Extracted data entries
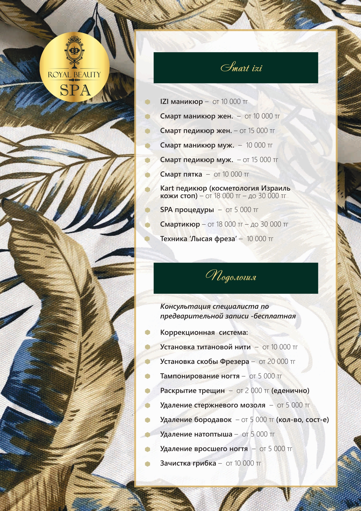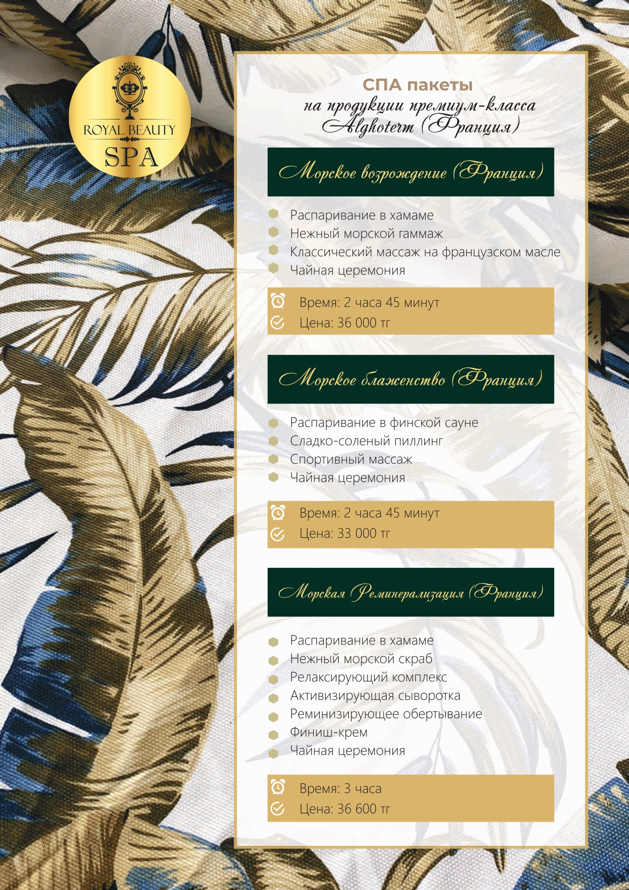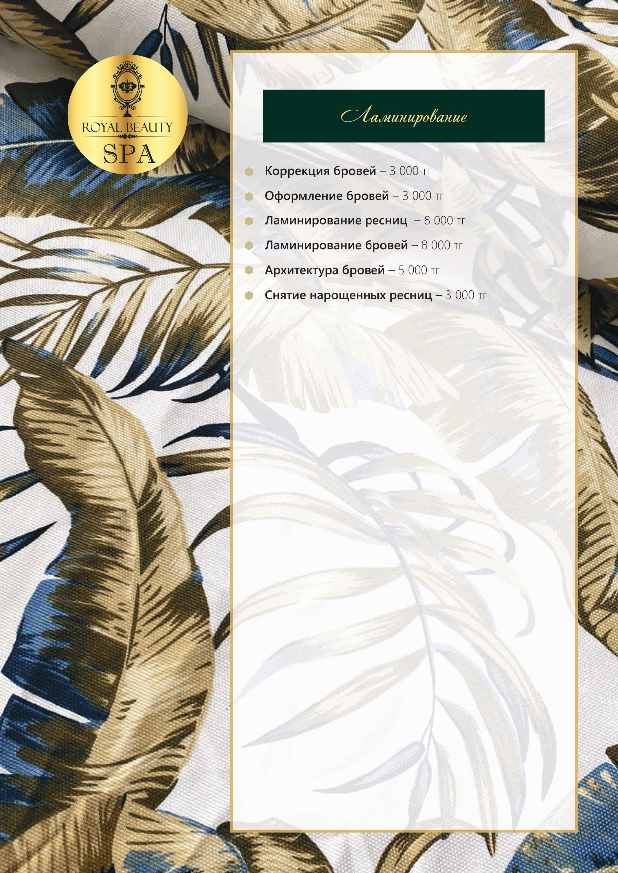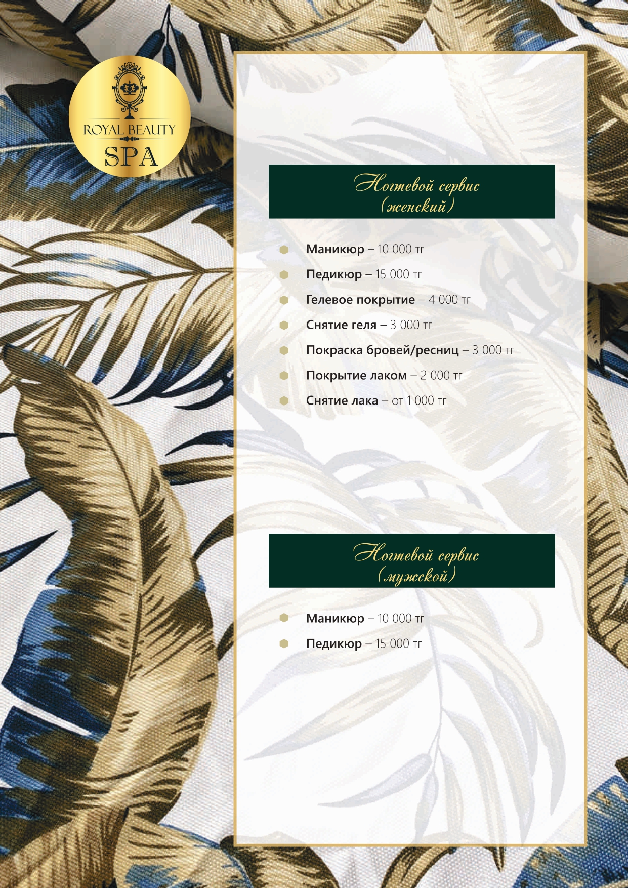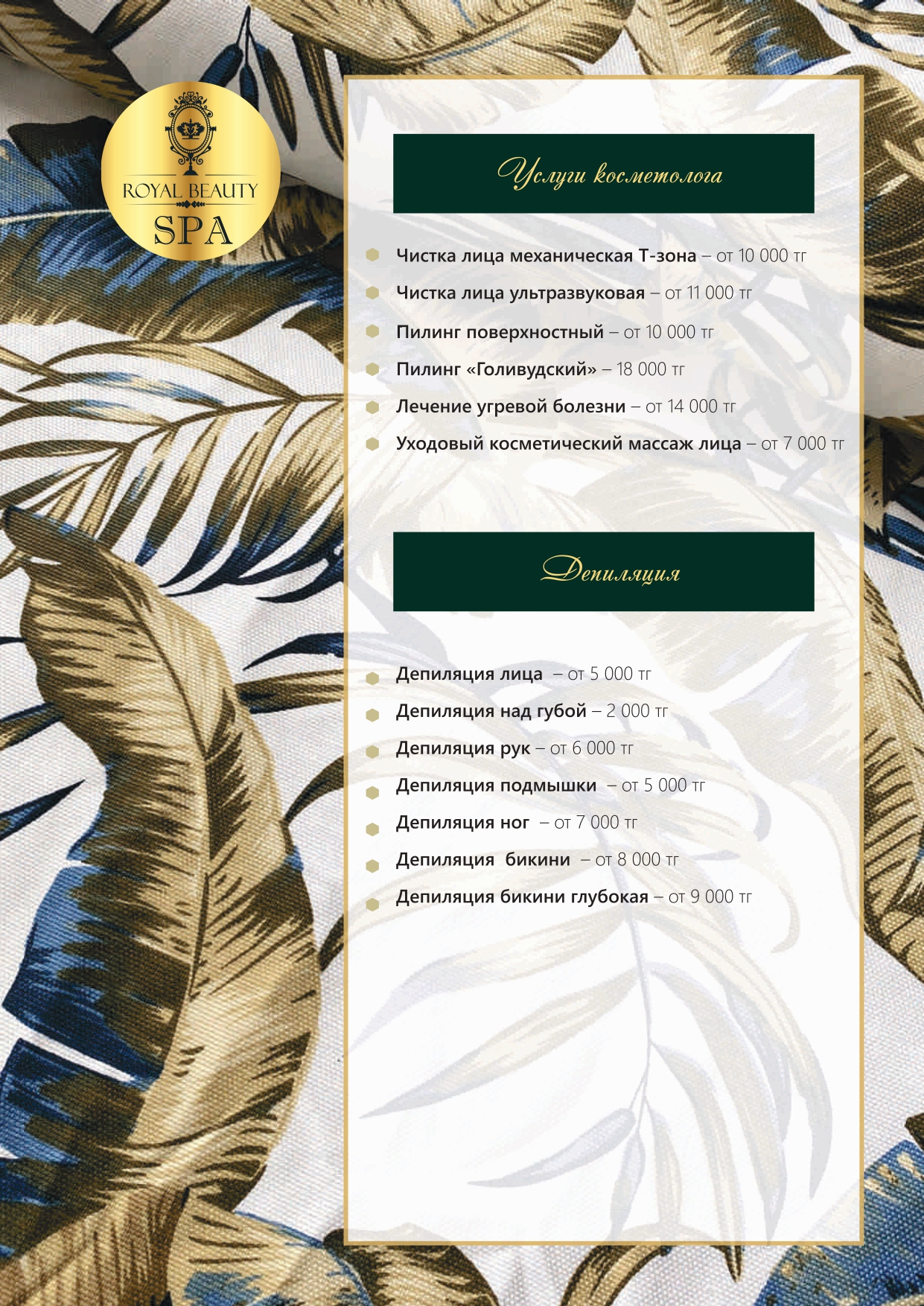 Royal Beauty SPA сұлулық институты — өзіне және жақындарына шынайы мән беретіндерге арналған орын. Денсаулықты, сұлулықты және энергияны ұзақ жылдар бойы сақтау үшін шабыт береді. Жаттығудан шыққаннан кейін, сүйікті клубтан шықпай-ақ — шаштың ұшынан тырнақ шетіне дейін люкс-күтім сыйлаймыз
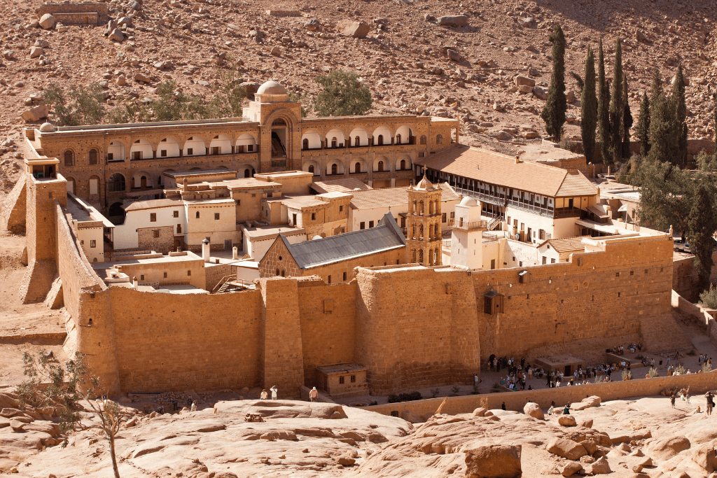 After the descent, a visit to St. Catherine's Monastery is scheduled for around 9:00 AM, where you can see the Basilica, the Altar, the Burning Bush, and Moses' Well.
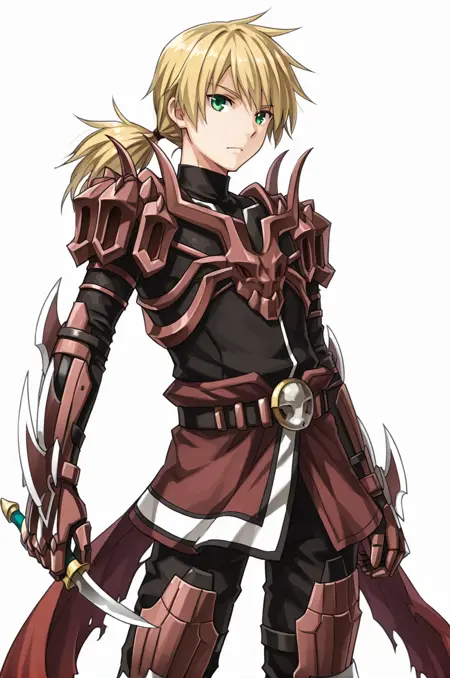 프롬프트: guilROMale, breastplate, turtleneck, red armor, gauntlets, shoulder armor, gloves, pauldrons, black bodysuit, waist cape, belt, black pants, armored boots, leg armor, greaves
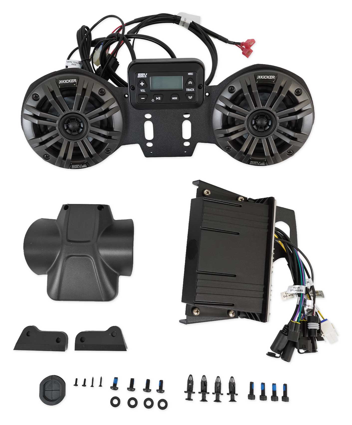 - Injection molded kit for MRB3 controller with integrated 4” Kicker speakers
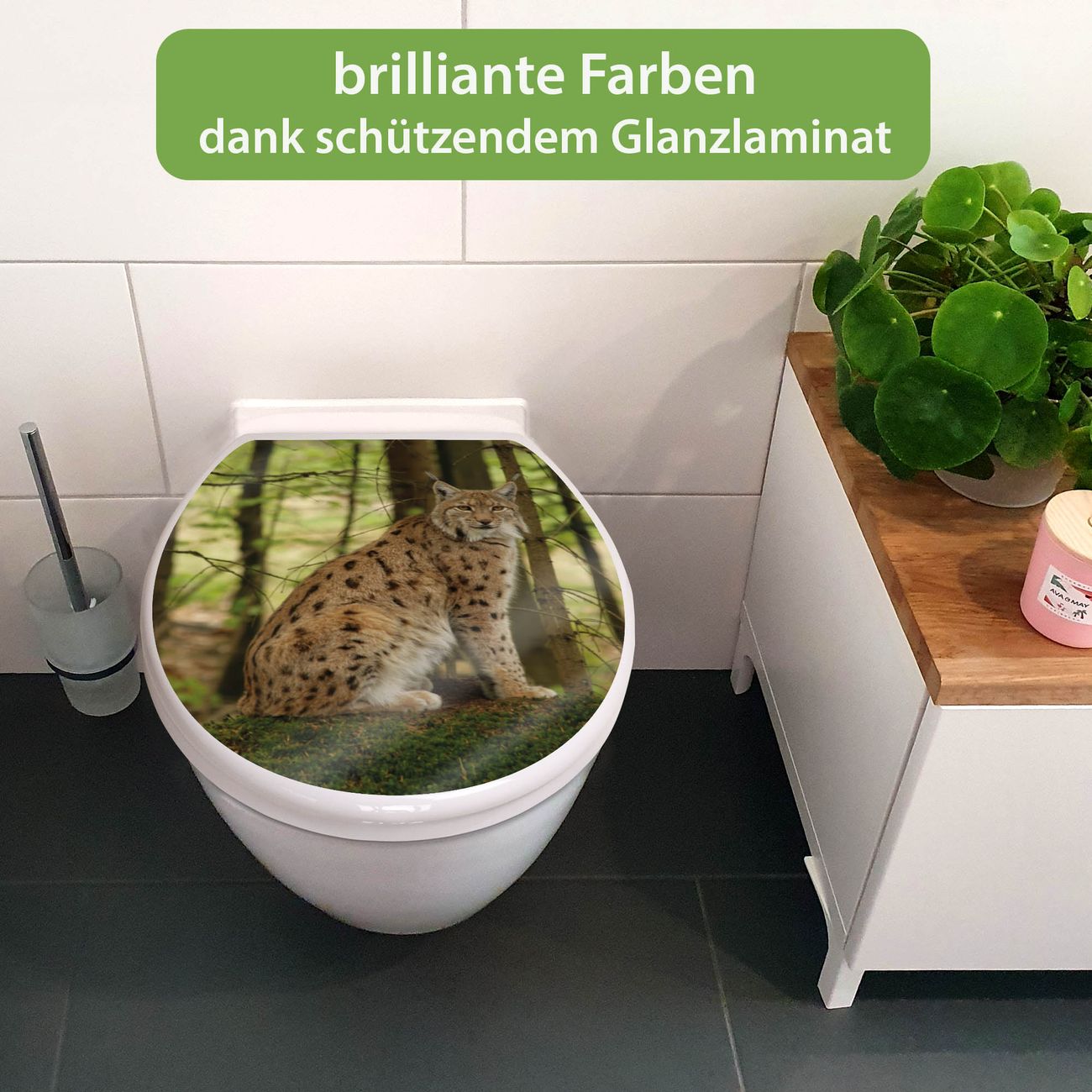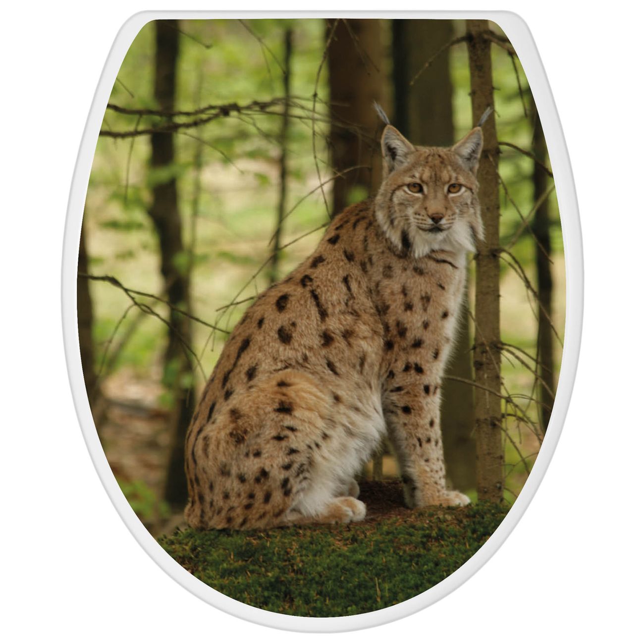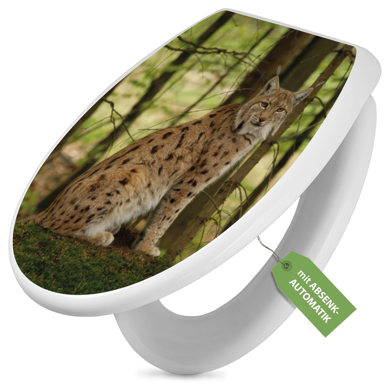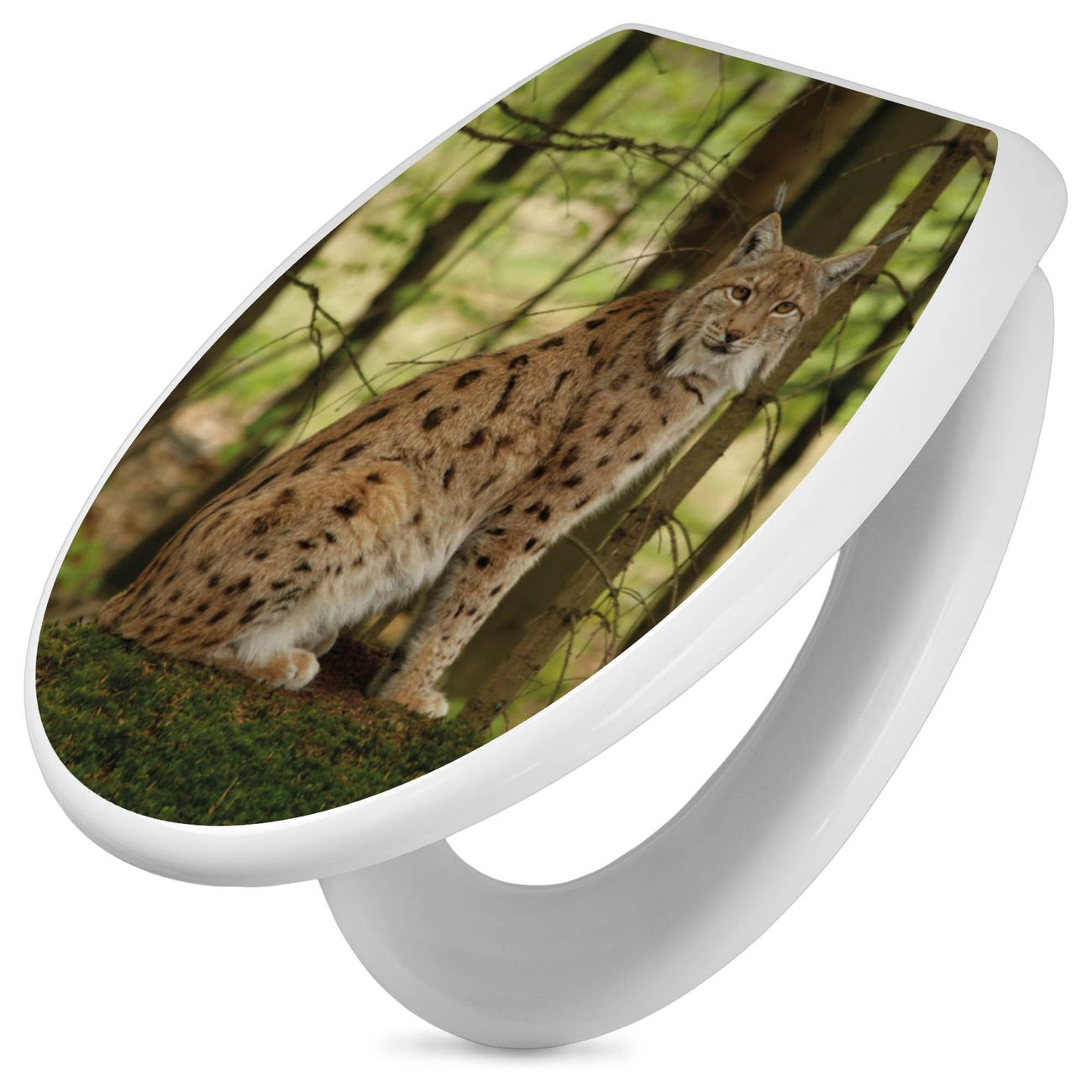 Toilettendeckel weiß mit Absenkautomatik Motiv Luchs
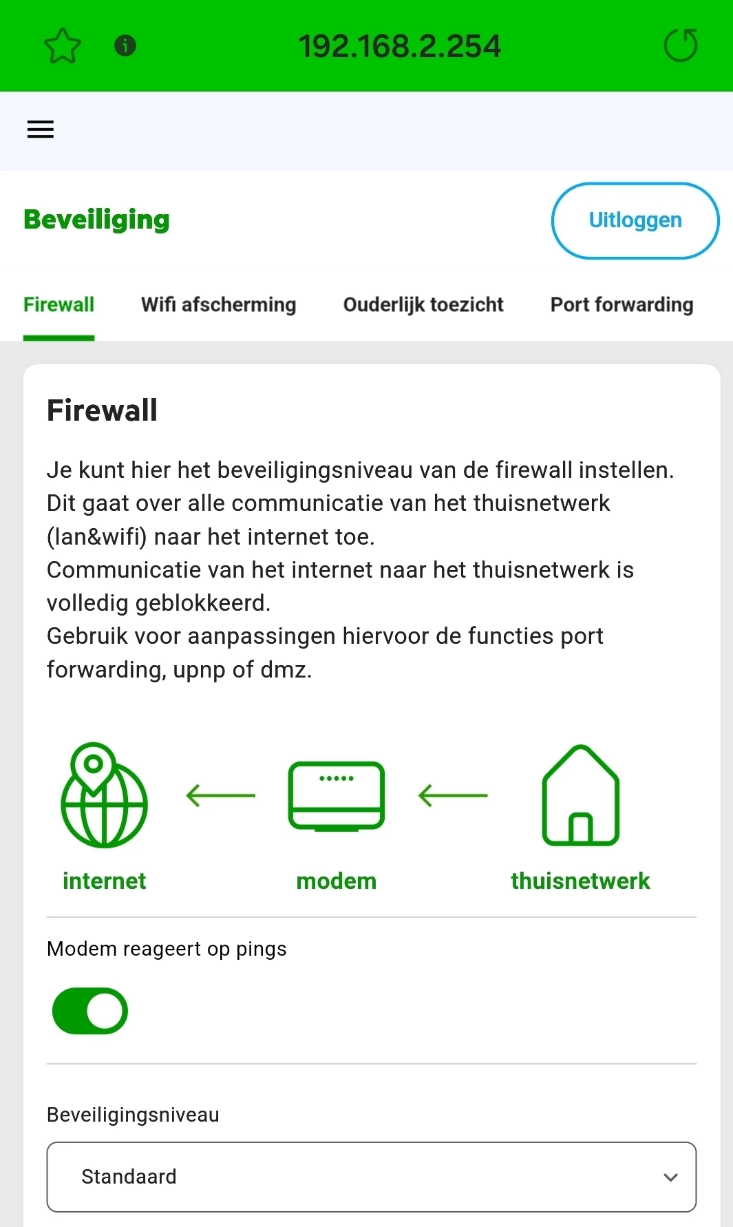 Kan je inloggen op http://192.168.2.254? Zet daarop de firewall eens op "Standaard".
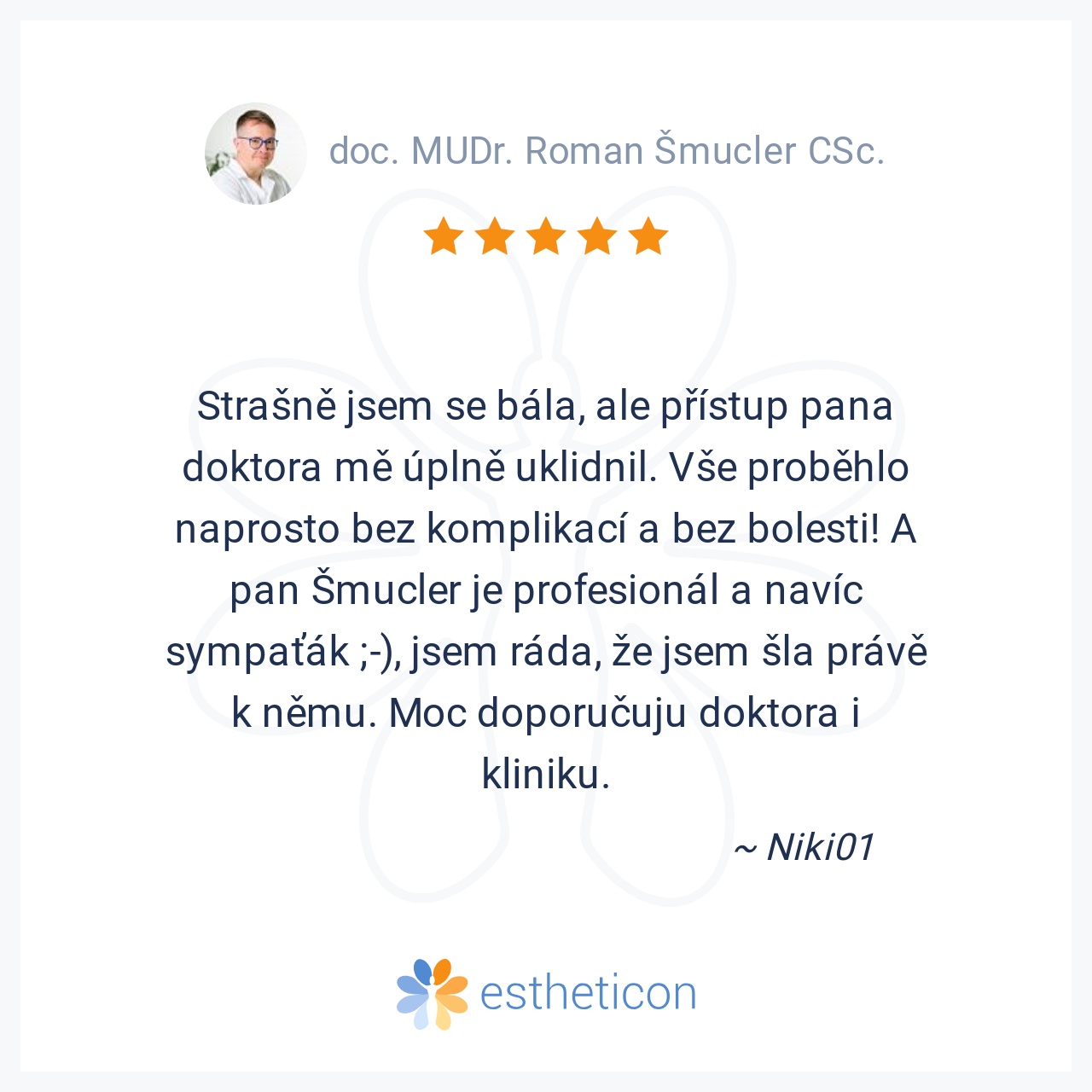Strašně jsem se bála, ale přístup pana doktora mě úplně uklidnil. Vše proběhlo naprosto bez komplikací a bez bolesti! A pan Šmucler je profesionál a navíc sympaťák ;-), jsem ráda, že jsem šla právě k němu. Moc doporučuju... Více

• _Problem description_: The reply should hold every record, unchanged, and no pictures.

• _Answer below_:
 Royal Beauty SPA сұлулық институты — өзіне және жақындарына шынайы мән беретіндерге арналған орын. Денсаулықты, сұлулықты және энергияны ұзақ жылдар бойы сақтау үшін шабыт береді. Жаттығудан шыққаннан кейін, сүйікті клубтан шықпай-ақ — шаштың ұшынан тырнақ шетіне дейін люкс-күтім сыйлаймыз
 After the descent, a visit to St. Catherine's Monastery is scheduled for around 9:00 AM, where you can see the Basilica, the Altar, the Burning Bush, and Moses' Well.
 프롬프트: guilROMale, breastplate, turtleneck, red armor, gauntlets, shoulder armor, gloves, pauldrons, black bodysuit, waist cape, belt, black pants, armored boots, leg armor, greaves
 - Injection molded kit for MRB3 controller with integrated 4” Kicker speakers
 Toilettendeckel weiß mit Absenkautomatik Motiv Luchs
 Kan je inloggen op http://192.168.2.254? Zet daarop de firewall eens op "Standaard".
Strašně jsem se bála, ale přístup pana doktora mě úplně uklidnil. Vše proběhlo naprosto bez komplikací a bez bolesti! A pan Šmucler je profesionál a navíc sympaťák ;-), jsem ráda, že jsem šla právě k němu. Moc doporučuju... Více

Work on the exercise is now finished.